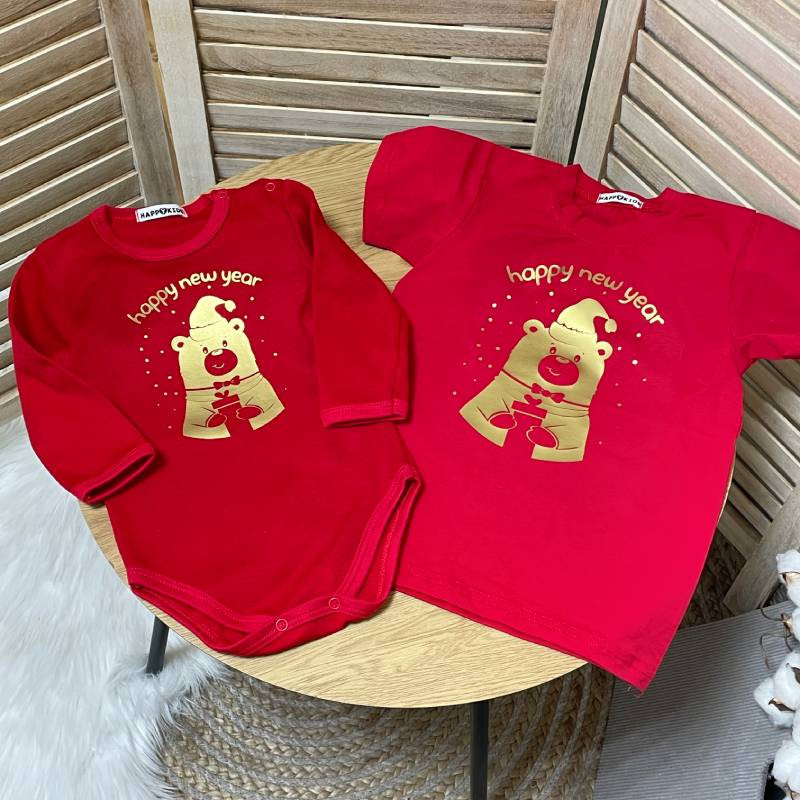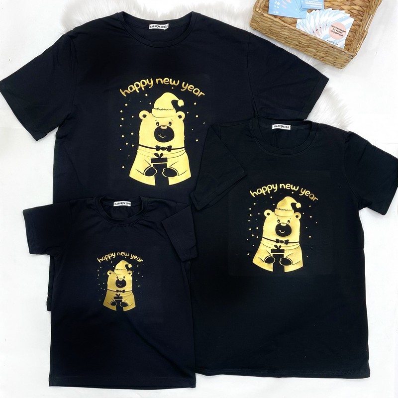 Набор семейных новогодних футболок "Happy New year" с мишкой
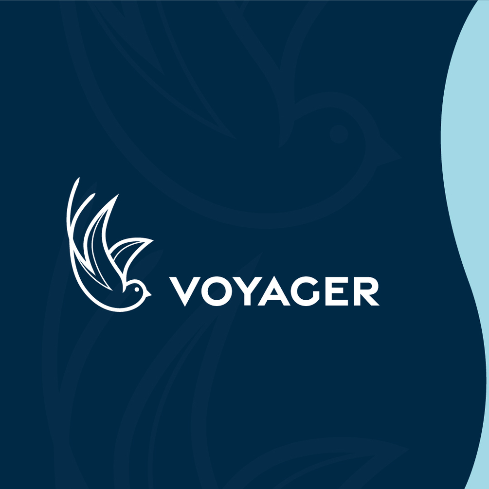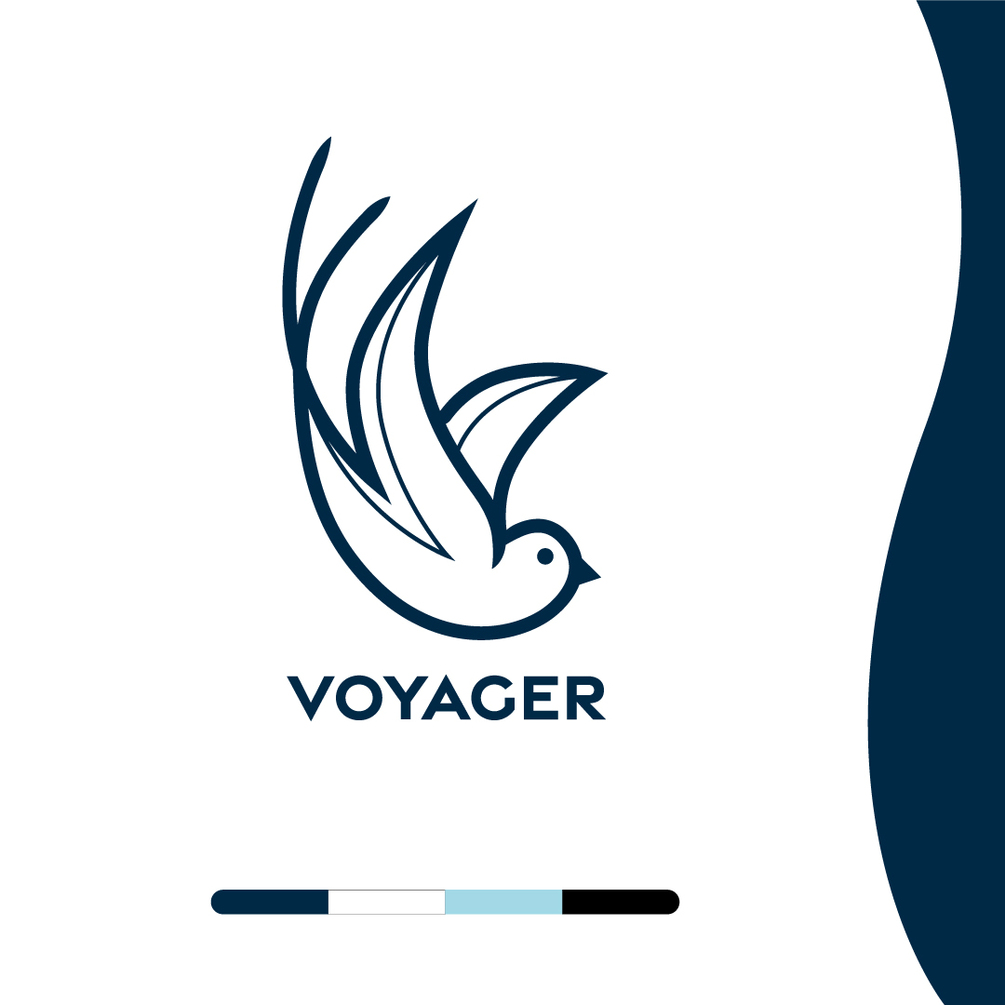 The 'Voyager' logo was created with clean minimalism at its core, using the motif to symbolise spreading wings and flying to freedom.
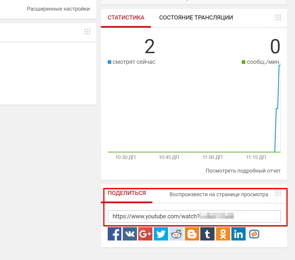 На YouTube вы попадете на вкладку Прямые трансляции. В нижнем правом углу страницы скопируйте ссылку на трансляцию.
-------
- WHAT TO WORK ON -
Set the listing down exactly, without its pictures.

- ANSWER -
 Набор семейных новогодних футболок "Happy New year" с мишкой
 The 'Voyager' logo was created with clean minimalism at its core, using the motif to symbolise spreading wings and flying to freedom.
 На YouTube вы попадете на вкладку Прямые трансляции. В нижнем правом углу страницы скопируйте ссылку на трансляцию.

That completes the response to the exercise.